AUTHOR=Werbos Paul J. , Davis Joshua J. J. TITLE=Regular Cycles of Forward and Backward Signal Propagation in Prefrontal Cortex and in Consciousness JOURNAL=Frontiers in Systems Neuroscience VOLUME=10 YEAR=2016 URL=https://www.frontiersin.org/journals/systems-neuroscience/articles/10.3389/fnsys.2016.00097 DOI=10.3389/fnsys.2016.00097 ISSN=1662-5137 ABSTRACT=

This paper addresses two fundamental questions: (1) Is it possible to develop mathematical neural network models which can explain and replicate the way in which higher-order capabilities like intelligence, consciousness, optimization, and prediction emerge from the process of learning (Werbos, 1994, 2016a; National Science Foundation, 2008)? and (2) How can we use and test such models in a practical way, to track, to analyze and to model high-frequency (≥ 500 hz) many-channel data from recording the brain, just as econometrics sometimes uses models grounded in the theory of efficient markets to track real-world time-series data (Werbos, 1990)?

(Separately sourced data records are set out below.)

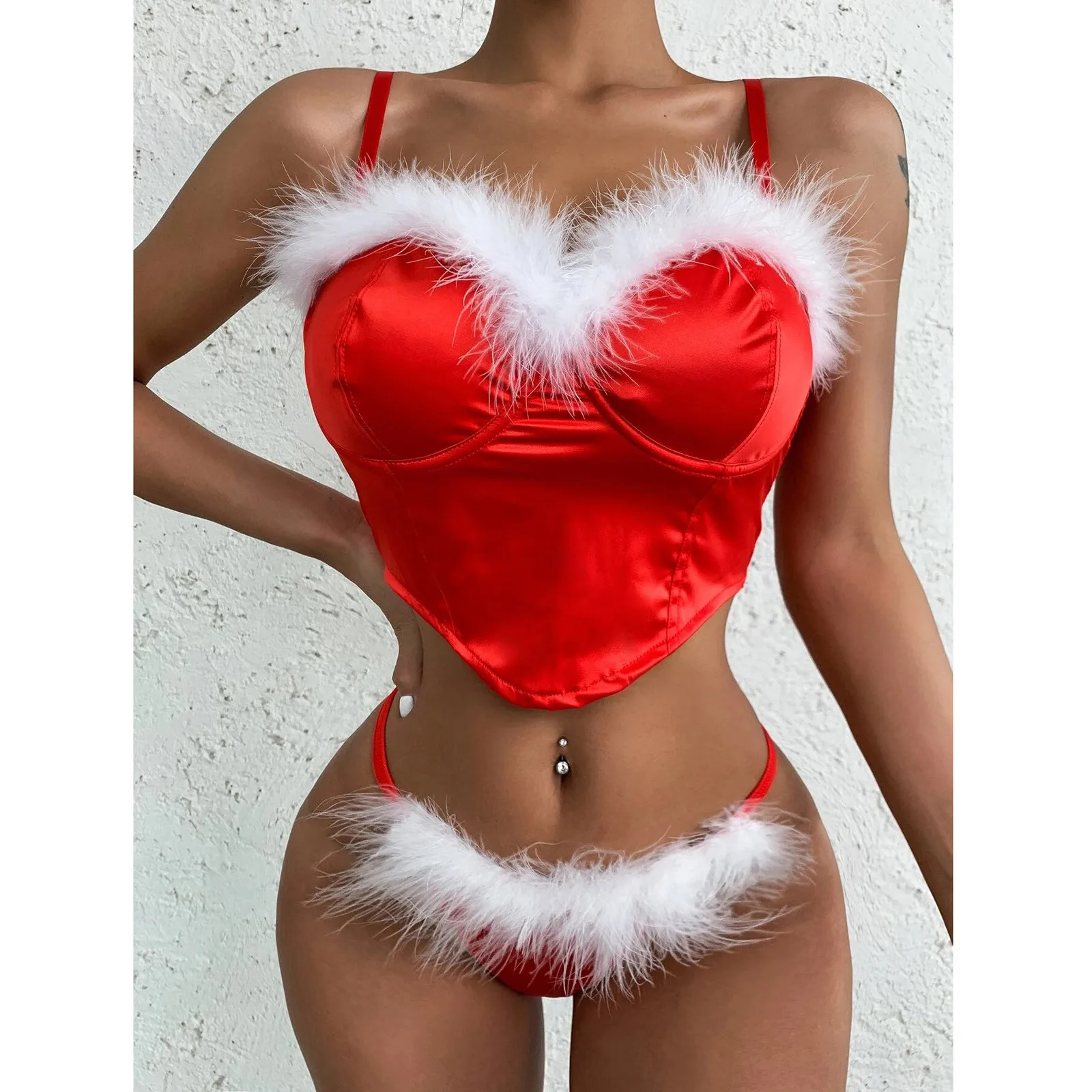 Соблазнительное нижнее белье, комбинация, женский костюм Санта-Клау...
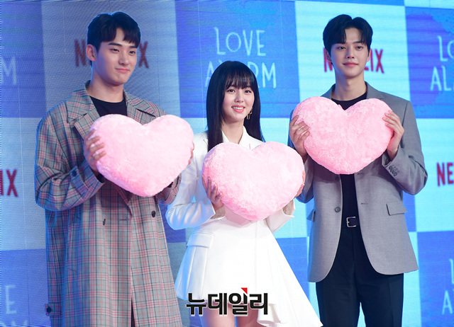 배우 정가람(왼쪽부터), 김소현, 송강이 20일 오전 서울 종로구 JW메리어트 동대문에서 열린 넷플릭스 오리지널 시리즈 '좋아하면 울리는(감독 이나정)' 제작보고회에서 포토타임을 갖고 있다.'좋아하면 울리는'은 좋아하는 사람이 반경 10m 안에 들어오면 알람이 울리는 '좋알람' 어플이 개발되면서 알람을 통해서만 마음을 표현할 수 있다는 여겨지는 세상에서 펼쳐지는 세 남녀의 로맨스를 그렸다.만화가 천계영의 동명의 원작 '좋아하면 울리는'을 원작으로 했다. 22일 공개.
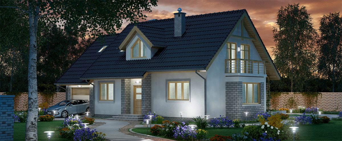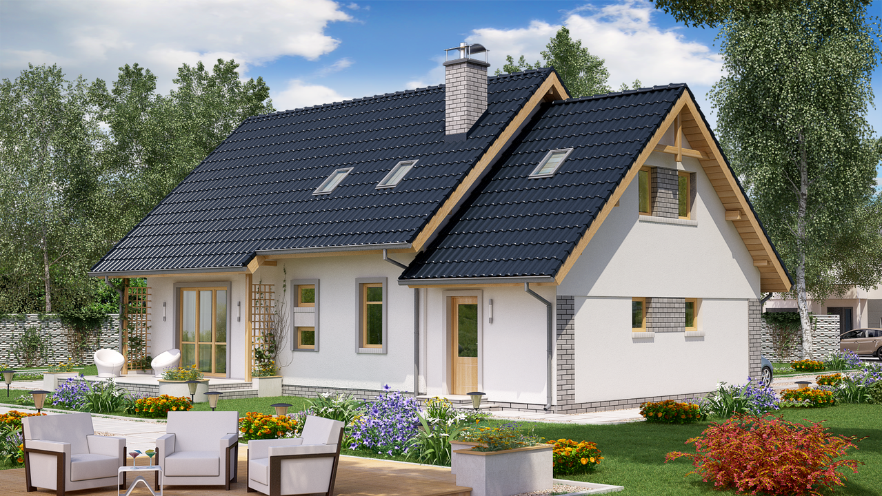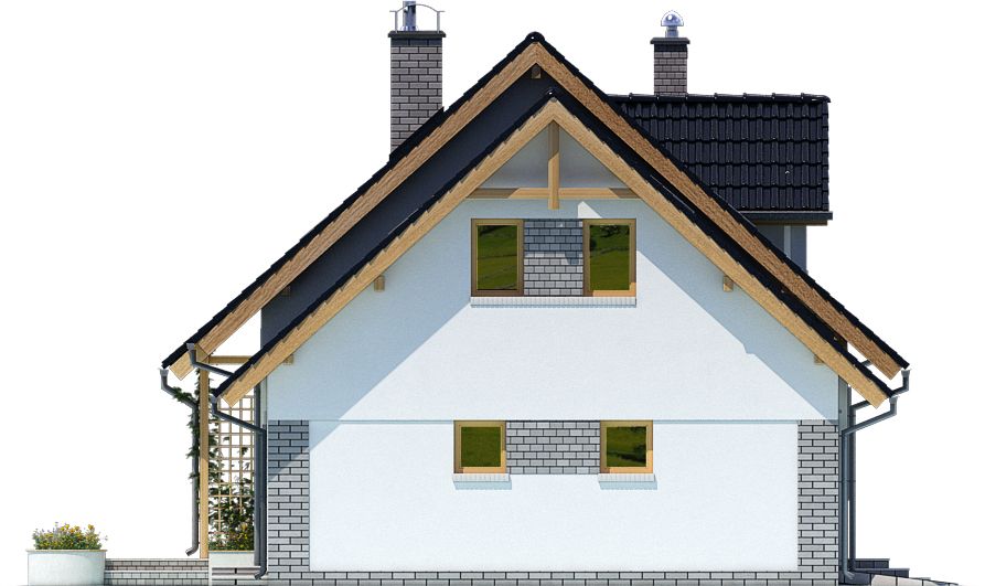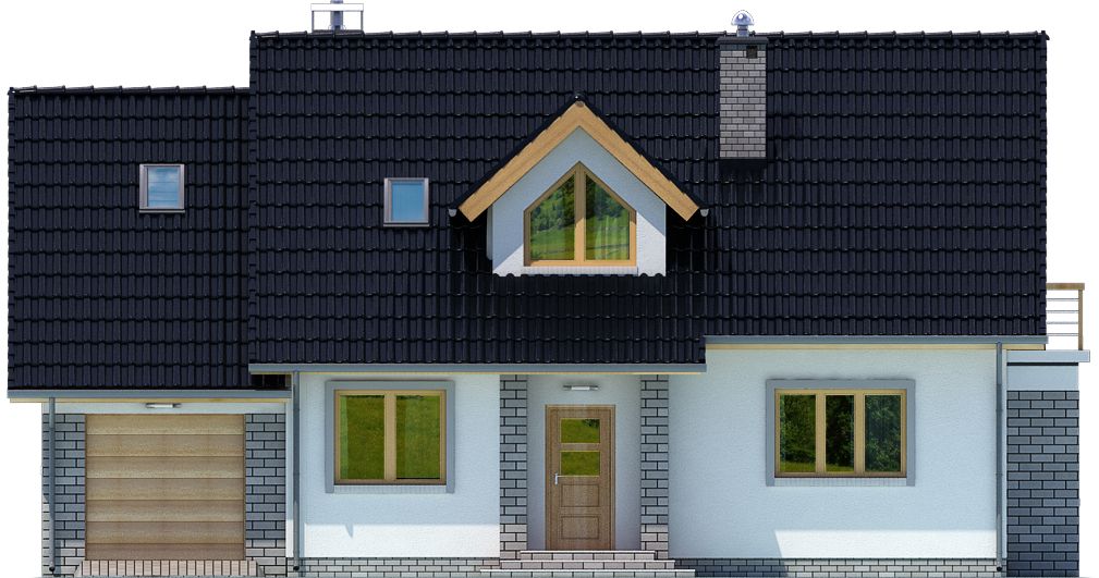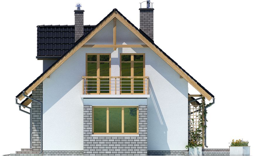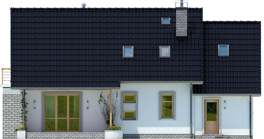 Graficzne opracowanie rzutów poglądowych widocznych na karcie projektu zostało wykonane przez Extradom.pl. Prezentowane przez Extradom.pl wizualizacje wykonane zostały przez autora projektu i należy poczytywać je jedynie za przykład i propozycję wykończenia, wizję architektoniczną autora projektu. Ostateczne wykończenie budynku może nastąpić na wiele sposobów. Szczegółowe rozwiązania zastosowane w oferowanej dokumentacji - w tym również ilość, lokalizacje i wygląd okien, drzwi, kominów - mogą w niewielkim stopniu różnić się od prezentowanej wizualizacji budynku.

This paper first reviews some of the prior work addressing question (1), and then reports new work performed in MATLAB analyzing spike-sorted and burst-sorted data on the prefrontal cortex from the Buzsaki lab (Fujisawa et al., 2008, 2015) which is consistent with a regular clock cycle of about 153.4 ms and with regular alternation between a forward pass of network calculations and a backwards pass, as in the general form of the backpropagation algorithm which one of us first developed in the period 1968–1974 (Werbos, 1994, 2006; Anderson and Rosenfeld, 1998). In business and finance, it is well known that adjustments for cycles of the year are essential to accurate prediction of time-series data (Box and Jenkins, 1970); in a similar way, methods for identifying and using regular clock cycles offer large new opportunities in neural time-series analysis. This paper demonstrates a few initial footprints on the large “continent” of this type of neural time-series analysis, and discusses a few of the many further possibilities opened up by this new approach to “decoding” the neural code (Heller et al., 1995).